Polski operator rurociągu powiedział w czwartek, że pracuje nad naprawą szkód, które spowodowały wyciek na początku tego tygodnia w głównym rurociągu transportującym ropę z Rosji do Niemiec.
Operator PERN dodał, że chce jak najszybciej wznowić przepompowywanie ropy rurociągiem.
PERN wykrył wyciek z rurociągu Przyjaźń we wtorek wieczorem, 70 kilometrów (45 mil) od Pleuk, w centrum kraju.
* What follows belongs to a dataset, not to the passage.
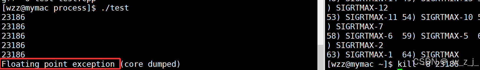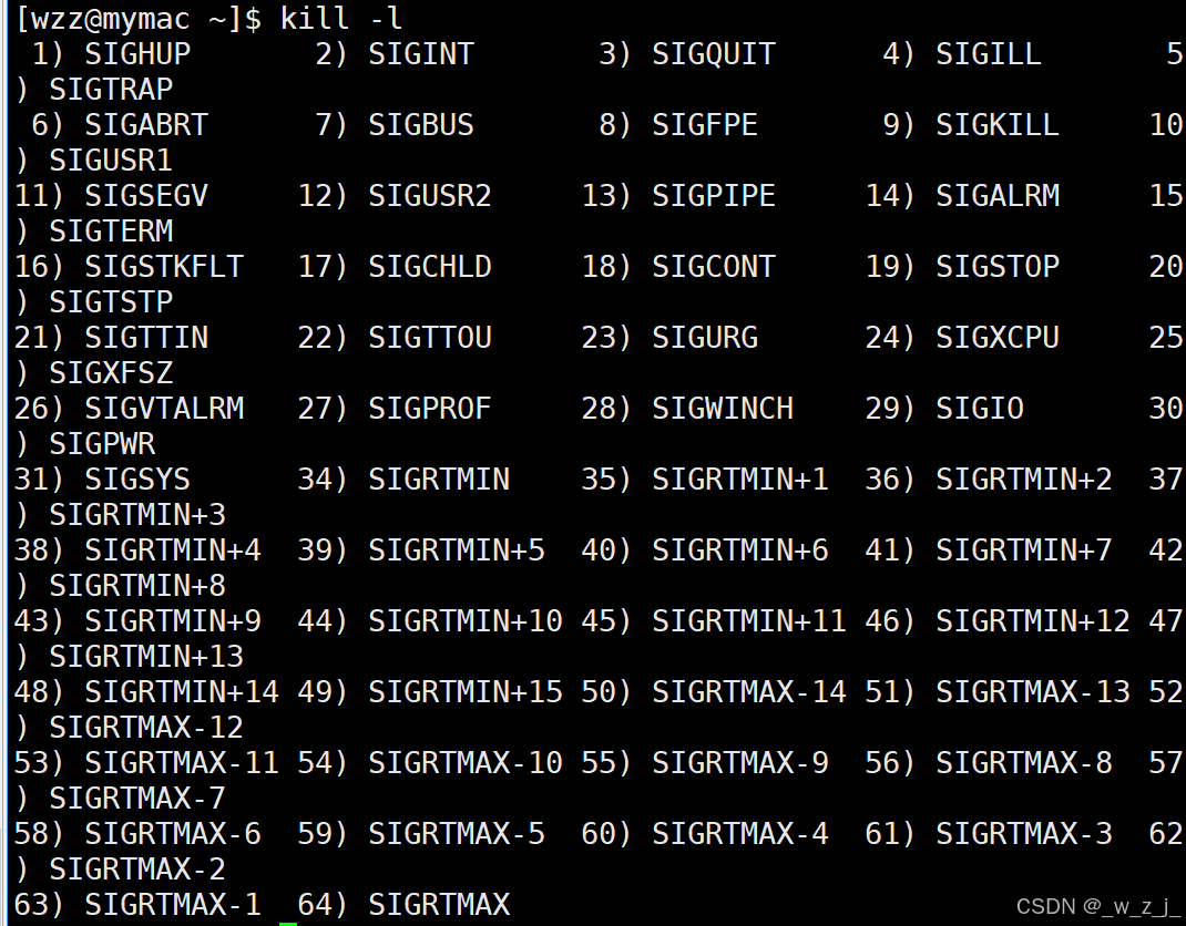 当进程出现异常时,会将发信号给父进程。如下都是异常的信号,可以使用kill指令让指定进程出现对应的异常

Rurociąg Drogba, co po rosyjsku oznacza „przyjaźń”, jest jednym z najdłuższych rurociągów na świecie. Po opuszczeniu terytorium Rosji dostarcza ropę naftową do kilku krajów, w tym na Białoruś, Ukrainę, Polskę, Węgry, Austrię i Niemcy.
W oświadczeniu wydanym pod koniec środy polski operator powiedział, że „nie ma żadnych oznak zaangażowania osób trzecich” w związku z wyciekiem rurociągu.
PERN stwierdził, że „na podstawie pierwszych ustaleń i sposobu, w jaki rurociąg został zniszczony, wydaje się w tej chwili, że nic nie wskazuje na udział osób trzecich”. Trwają jednak bardziej szczegółowe analizy mające na celu ustalenie przyczyny awarii i naprawę rurociągu, tak aby możliwe było jak najszybsze wznowienie tłoczenia ropy.
Do incydentu doszło w następstwie wycieków, które pojawiły się pod koniec zeszłego miesiąca w gazociągach Nord Stream 1 i 2, biegnących po dnie Morza Bałtyckiego, w czasie, gdy Europa stara się zmniejszyć swoją zależność od rosyjskich węglowodorów po Rosyjska inwazja na Ukrainę.
Dania i Szwecja potwierdzają, że te gazociągi zostały zaatakowane dużymi ilościami materiałów wybuchowych.
„Niezależny przedsiębiorca. Komunikator. Gracz. Odkrywca. Praktyk popkultury.”